Now that we have our lambda defined, the missing part is creating the CloudWatch event rule which will listen to all events in our repository and triggers a lambda every time an event occurs. For that we are going to add both aws_events and aws_events_targets to the import statement.

from aws_cdk import core, aws_iam, aws_lambda, aws_events, aws_events_targets

​ Then we define the rule by defining the pattern first, then the actual rule ​

pattern = aws_events.EventPattern(
    resources=[codecommit_repo_arn],
    source=['aws.codecommit']
)
aws_events.Rule(
    self,
    id='cloudwatch-rule',
    event_pattern=pattern,
    targets=[aws_events_targets.LambdaFunction(lambda_function)]
)

Now that our stack is fully defined, we can start working on the other files. ​

First of all, we’re going to put some configuration in the cdk.json file, notably the repository arn and the slack webhook url using the context mechanism offered by CDK

{
    "app": "python3 app.py",
    "context": {
        "codecommit_repo_arn": "arn:aws:codecommit:<region>:<account>:<repository_name>",
        "slack_webhook_url": "<slack_webhook_url>"
    }
}

Then we’re going to try to access those from the app.py and extract information in there

codecommit_repo_arn = app.node.try_get_context('codecommit_repo_arn')
slack_webhook_url = app.node.try_get_context('slack_webhook_url')
​repository_details = core.Arn.parse(codecommit_repo_arn)
account = repository_details.account
region = repository_details.region
repository_name = repository_details.resource

​ And we’re also going to define the path of our aws lambda’s source code

import osproject_root_path = path.dirname(path.realpath(__file__))
lambda_source_code_path = path.join(project_root_path, 'lambda_handler')

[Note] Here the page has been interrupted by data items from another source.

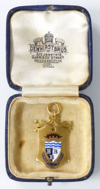 9ct gold and enamel Bridlington fishing medal engraved verso 'Presented to Major Colin Cooper by the Mayor and Corporation for catching the first tunny (tuna) fish landed at Bridlington on 31st August 1936', in Dewhirst Bros, Bridlington jewellery box, weight of medal 7.7g, length including loop 42mm
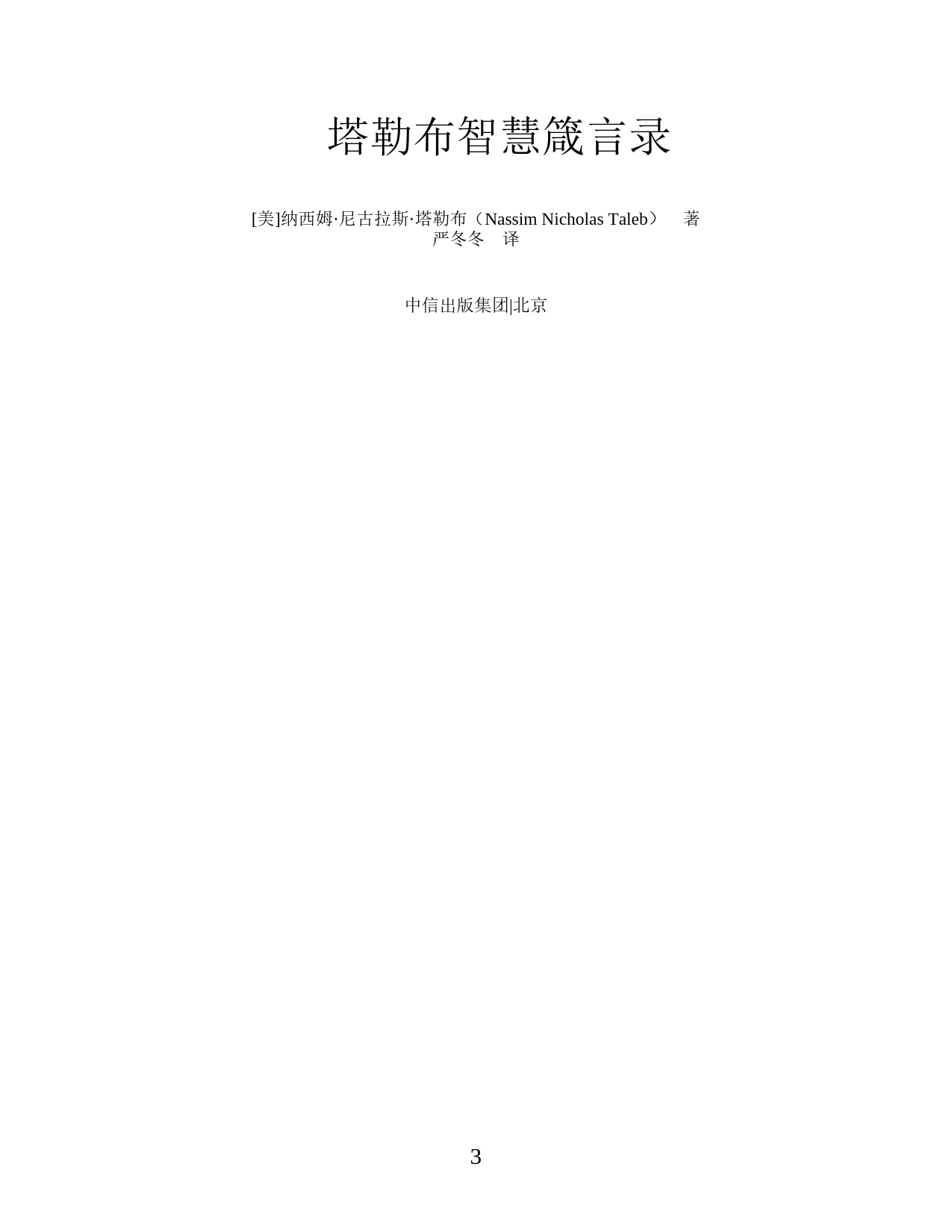 2塔勒布智慧箴言录[美]纳西姆·尼古拉斯·塔勒布(NassimNicholasTaleb)著严冬冬译中信出版集团北京3目录封面扉页塔勒布智慧箴言录普罗克拉斯提斯前言逆向叙述本体论神圣与凡俗机遇、成功、幸福与坚忍迷人的和不那么迷人的愚人问题像古代人一样生活文字共和国普遍与特殊被随机性愚弄美学伦理强大与脆弱游戏谬误和场地依赖认识论和减法知识4预言的丑闻成为哲学家,并为之继续努力经济生活及其他庸俗议题贤者、弱者和伟大者隐含的和明确的爱与非爱结尾后记致谢THEBEDOFPROCRUSTESPROCRUSTESPRELUDESCOUNTERNARRATIVESMATTERSONTOLOGICALTHESACREDANDTHEPROFANECHANCE,SUCCESS,HAPPINESS,ANDSTOICISMCHARMINGANDLESSCHARMINGSUCKERPROBLEMSTHESEUS,ORLIVINGTHEPALEOLIFETHEREPUBLICOFLETTERSTHEUNIVERSALANDTHEPARTI...
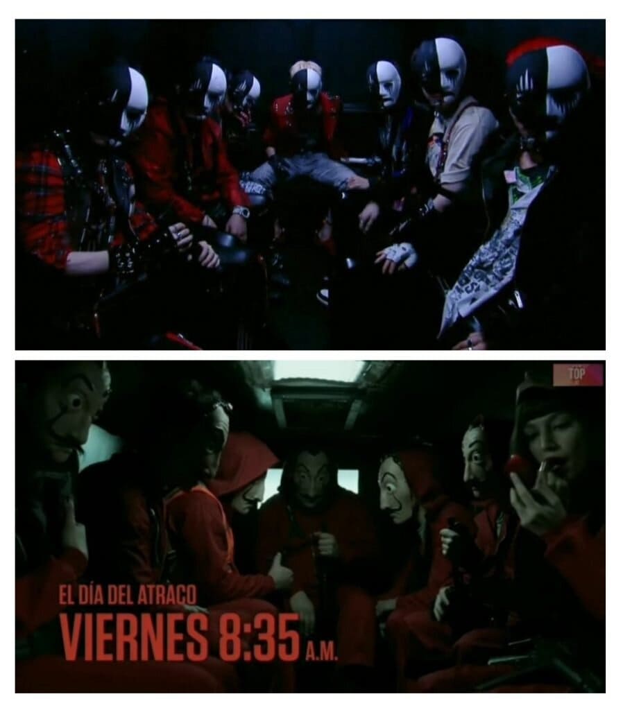 Minibüs durduğunda, ATEEZ’in maskeler taktığını görüyoruz; Tiyatrodaki duyguları simgeleyen maskeler. Performansın bu bölümünü Para Soygunu dizisine bağlarsak, ATEEZ “sanat” gibi görünen bir şeyi yayınlamak istiyor gibi görünüyor!
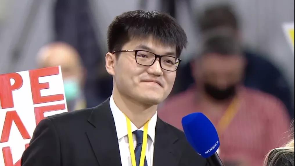 12月23日,新华社记者李奥在记者会现场向俄罗斯总统普京提问。(视频截图)

The source code of our lambda function can be found here.​

Finally, we’re going to modify the instantiation of our stack to pass all new arguments needed for it. ​

env = core.Environment(account=account, region=region)
CodecommitSlackBotStack(
    app,
    id=f'codecommit-slack-bot-{repository_name}',
    lambda_path=lambda_source_code_path,
    slack_webhook_url=slack_webhook_url,
    codecommit_repo_arn=codecommit_repo_arn,
    env=env
)
app.synth()

The source code for the project can be found here

Conclusion

Infrastructure as Code (IaC) is powerful, it is capable of keeping track of your infrastructure. With more than one single language, CDK gives developers the ability to define their stacks of infrastructure using their preferred programming language, saving time invested for learning purposes required for using other solutions.